##### EXTRACTED ENTRIES
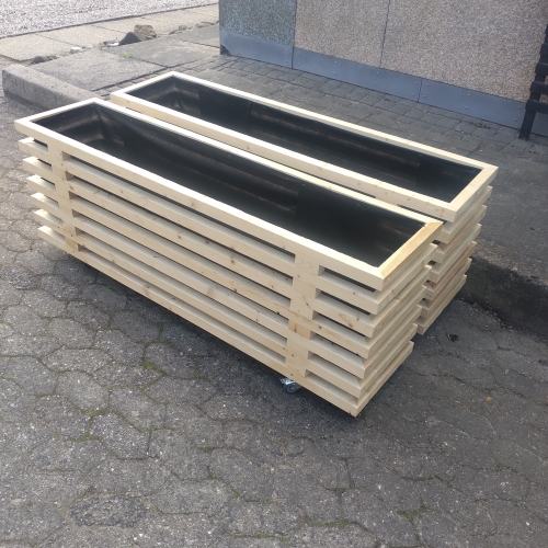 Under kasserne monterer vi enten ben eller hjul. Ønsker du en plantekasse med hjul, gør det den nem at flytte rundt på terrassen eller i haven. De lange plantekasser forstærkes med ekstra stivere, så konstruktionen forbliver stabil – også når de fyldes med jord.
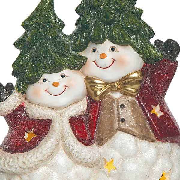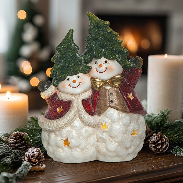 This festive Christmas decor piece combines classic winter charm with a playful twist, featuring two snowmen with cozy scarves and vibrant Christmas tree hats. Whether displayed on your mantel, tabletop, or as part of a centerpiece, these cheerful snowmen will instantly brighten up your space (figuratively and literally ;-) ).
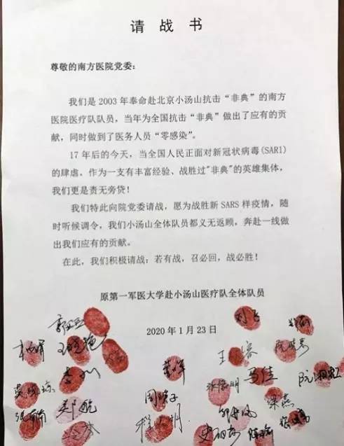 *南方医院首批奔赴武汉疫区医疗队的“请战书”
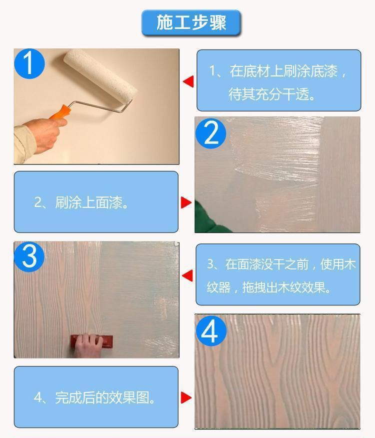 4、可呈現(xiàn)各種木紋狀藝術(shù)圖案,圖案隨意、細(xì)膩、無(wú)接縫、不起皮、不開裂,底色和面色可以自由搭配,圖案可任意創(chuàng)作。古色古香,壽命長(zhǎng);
##########
##### EXTRACTED ENTRIES
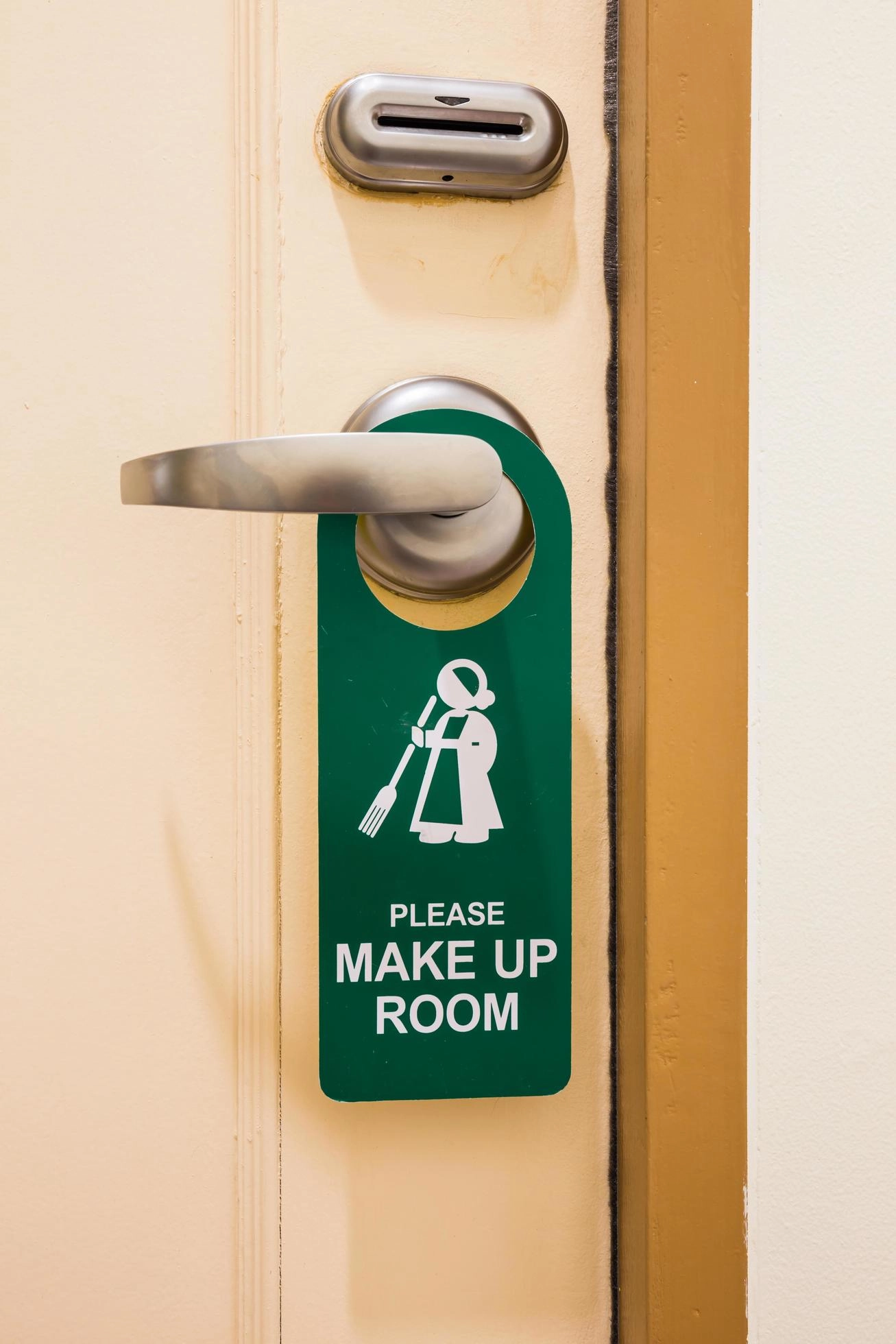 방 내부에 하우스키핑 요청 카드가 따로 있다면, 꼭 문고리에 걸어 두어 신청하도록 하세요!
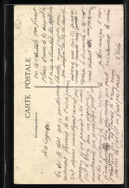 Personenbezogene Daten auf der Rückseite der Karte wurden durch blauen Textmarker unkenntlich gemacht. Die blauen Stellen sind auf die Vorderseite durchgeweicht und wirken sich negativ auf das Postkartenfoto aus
##########
##### EXTRACTED ENTRIES
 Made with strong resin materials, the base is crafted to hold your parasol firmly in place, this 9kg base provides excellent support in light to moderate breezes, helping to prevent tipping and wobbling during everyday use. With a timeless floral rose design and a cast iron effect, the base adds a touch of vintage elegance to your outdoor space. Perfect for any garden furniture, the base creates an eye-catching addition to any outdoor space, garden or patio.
##########
**TASK PROMPT**
Please repeat the lines of the material above exactly, starting with the line that contains "This festive Christmas" and ending with the line that contains "4、可呈現(xiàn)各種木". Leave the pictures out.

**FINAL ANSWER**
 This festive Christmas decor piece combines classic winter charm with a playful twist, featuring two snowmen with cozy scarves and vibrant Christmas tree hats. Whether displayed on your mantel, tabletop, or as part of a centerpiece, these cheerful snowmen will instantly brighten up your space (figuratively and literally ;-) ).
 *南方医院首批奔赴武汉疫区医疗队的“请战书”
 4、可呈現(xiàn)各種木紋狀藝術(shù)圖案,圖案隨意、細(xì)膩、無(wú)接縫、不起皮、不開裂,底色和面色可以自由搭配,圖案可任意創(chuàng)作。古色古香,壽命長(zhǎng);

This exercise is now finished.